Example 1 Use the divergence theorem to evaluate \(\displaystyle \iint\limits_{S}{{\vec F\centerdot d\vec S}}\) where \(\vec F = xy\,\vec i - \frac{1}{2}{y^2}\,\vec j + z\,\vec k\) and the surface consists of the three surfaces, \(z = 4 - 3{x^2} - 3{y^2}\), \(1 \le z \le 4\) on the top, \({x^2} + {y^2} = 1\), \(0 \le z \le 1\) on the sides and \(z = 0\) on the bottom.
Show Solution
Let’s start this off with a sketch of the surface.
The region \(E\) for the triple integral is then the region enclosed by these surfaces. Note that cylindrical coordinates would be a perfect coordinate system for this region. If we do that here are the limits for the ranges.
\[\begin{array}{c}0 \le z \le 4 - 3{r^2}\\ 0 \le r \le 1\\ 0 \le \theta \le 2\pi \end{array}\]We’ll also need the divergence of the vector field so let’s get that.

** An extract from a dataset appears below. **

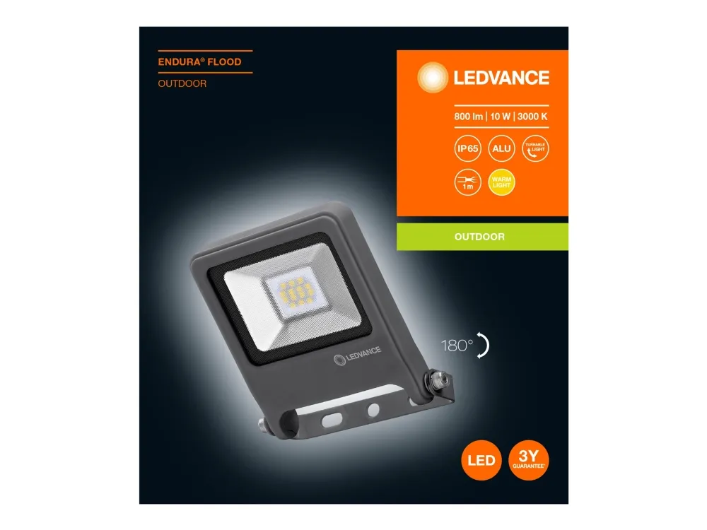 LEDVANCE ENDURA - Strålkastare - LED - 10 W - varmt vitt ljus - 3000 K - mörkgrå
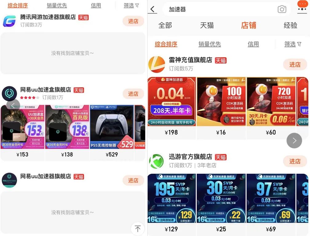 9月28日起,微博和部分社交论坛已经出现腾讯、网易天猫加速器旗舰店下架了所有产品的讨论。经人民电竞查证,目前腾讯、网易的天猫店铺确已无任何产品在售,网易加速器的京东旗舰店也下架了相关产品,不过主机端的加速盒仍然正常销售。同为加速器的迅游、雷神等品牌仍然在正常售卖。

\[{\mathop{\rm div}\nolimits} \vec F = y - y + 1 = 1\]The integral is then,
\[\begin{align*}\iint\limits_{S}{{\vec F\centerdot d\vec S}} & = \iiint\limits_{E}{{{\mathop{\rm div}\nolimits} \vec F\,dV}}\\ & = \int_{{\,0}}^{{\,2\pi }}{{\int_{{\,0}}^{{\,1}}{{\int_{{\,0}}^{{4 - 3{r^2}}}{{r\,dz}}\,dr}}\,d\theta }}\\ & = \int_{{\,0}}^{{\,2\pi }}{{\int_{{\,0}}^{{\,1}}{{4r - 3{r^3}\,dr}}\,d\theta }}\\ & = \int_{{\,0}}^{{\,2\pi }}{{\left. {\left( {2{r^2} - \frac{3}{4}{r^4}} \right)} \right|_0^1\,d\theta }}\\ & = \int_{{\,0}}^{{\,2\pi }}{{\frac{5}{4}\,d\theta }}\\ & = \frac{5}{2}\pi \end{align*}\]